Reason this release was yanked:

Security: TLS private key included in package by mistake

Project description

ZettaBrain RAG

Local private RAG pipeline — your documents, your hardware, zero cloud.

Chat with your documents using a fully local AI. No API keys. No data leaving your machine. Runs on your own server or laptop with a secure HTTPS web GUI.


Quick Install

curl -fsSL https://zettabrain.app/install.sh | sudo bash

Alternative mirror:

curl -fsSL https://install.zettabrain.io | sudo bash

What the installer does:

  • Detects your OS (Ubuntu, Debian, Amazon Linux, RHEL, Fedora)
  • Installs Python 3.9+ and system dependencies
  • Installs zettabrain-rag via pipx (isolated, no virtualenv management needed)
  • Installs and starts Ollama
  • Pulls the nomic-embed-text embedding model (~275 MB)

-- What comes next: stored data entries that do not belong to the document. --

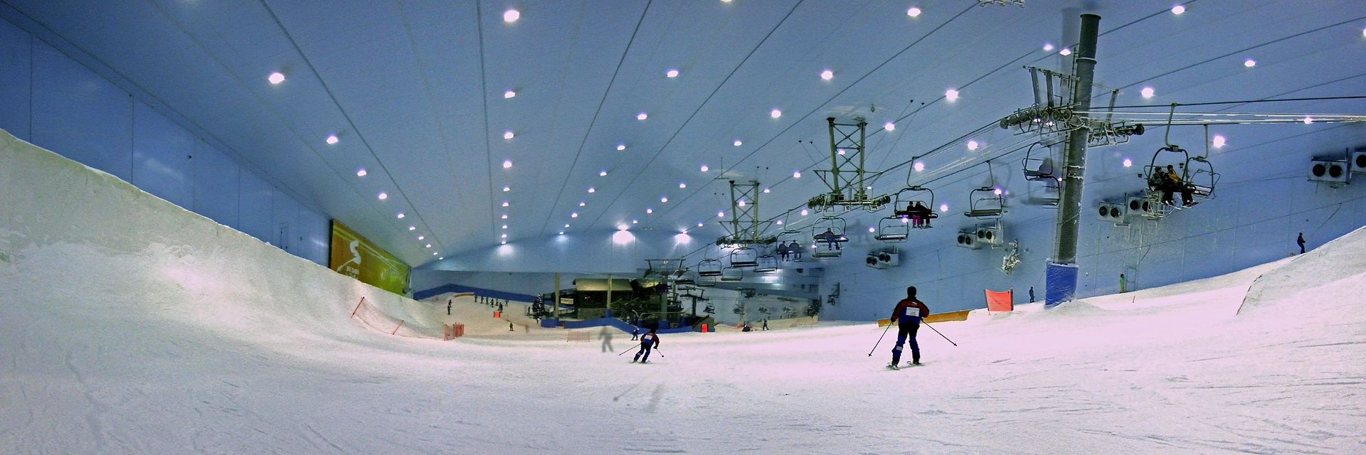 スキー・ドバイ:アラブ首長国連邦のドバイにある室内スキー場。下の階にあるショッピングモールおよびホテル施設と合わせ、現存する世界最大の室内スキー場である。ドバイでは年間降水量が少なく、砂漠気候で雪は降らない。
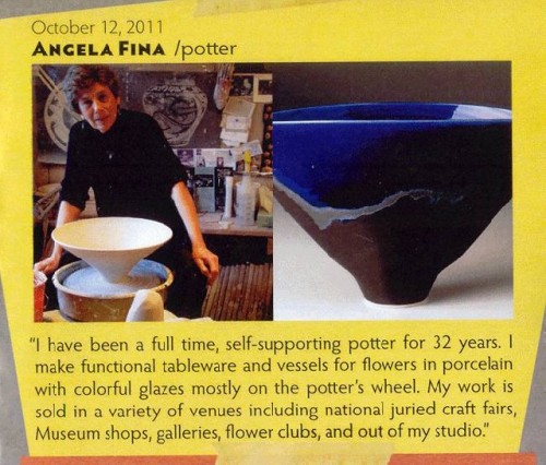On Wed, October 12th, the Art Tea season kicked off with eminent Berkshire potter, Angela Fina. She spoke and answered questions, sharing in much detail the events and the artistic choices she had made in pursuit of her art. The appreciative audience was made up of students, faculty and many members of the Hardwick community. The Art Teas schedule for the rest of the season is as follows.
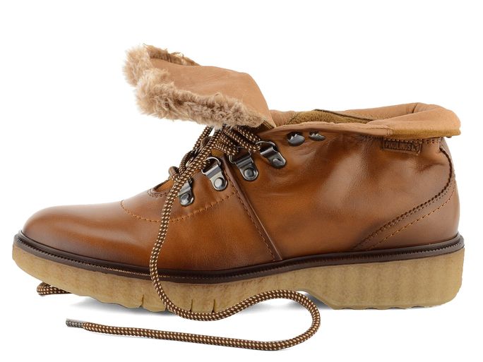 Dámský městský kotník v krásném odstínu přírodní hnědé barvy a na hrubší surové podešvi.

Install via pipx (developers)

# Install pipx if you don't have it
apt install -y pipx          # Ubuntu / Debian
brew install pipx            # macOS

# Install ZettaBrain
pipx install zettabrain-rag

# Verify
zettabrain --version

First-time setup

1. Run setup wizard

sudo zettabrain-setup

Configures storage (Local / NFS / SMB), selects an LLM model based on your hardware, and enables HTTPS.

2. Launch the web GUI

zettabrain-server

Open https://local.zettabrain.app:7860 in your browser — trusted HTTPS, fully private.

3. Or use the CLI chat

zettabrain-chat

Commands

Command Description
sudo zettabrain-setup Storage wizard + model selection + TLS cert
zettabrain-server Launch secure HTTPS web GUI (port 7860)
zettabrain-chat Interactive RAG chat in the terminal
zettabrain-chat --rebuild Rebuild vector store then start chat
zettabrain-chat --debug Show retrieved chunks on every query
zettabrain-ingest Ingest documents into the vector store
zettabrain-ingest --folder /path Ingest a specific folder
zettabrain-ingest --file /path/doc.pdf Ingest a single file
zettabrain-ingest --stats Show what is in the vector store
zettabrain-ingest --clear Wipe the vector store
zettabrain-status Show install paths, cert info, and store statistics
sudo zettabrain-storage add Add a new storage source after initial setup
zettabrain-storage list List configured storage sources

CLI chat commands

While inside zettabrain-chat:

Type Action
Any question Query your documents
sources Show which document chunks were used
timing Show retrieve / generate time for all queries this session
debug on Show retrieved chunks on every query
debug off Hide debug output
quit Exit

System requirements

Minimum Recommended
RAM 8 GB 16 GB
CPU 4 cores / 2.5 GHz 8 cores / 3.0 GHz
Disk 20 GB free 50 GB free
OS Ubuntu 22.04 / Debian 12 Ubuntu 22.04 LTS
Python 3.9 3.11+

Why 8 GB minimum: llama3.1:8b (Q4) needs ~5 GB in RAM, plus ~2 GB for OS + Python + ChromaDB. Below 8 GB you will hit swap and responses can take 5+ minutes.


GPU & model selection

Ollama auto-detects your GPU on install — NVIDIA (CUDA), AMD (ROCm), and Apple Silicon (Metal). No configuration needed beyond having the correct drivers installed.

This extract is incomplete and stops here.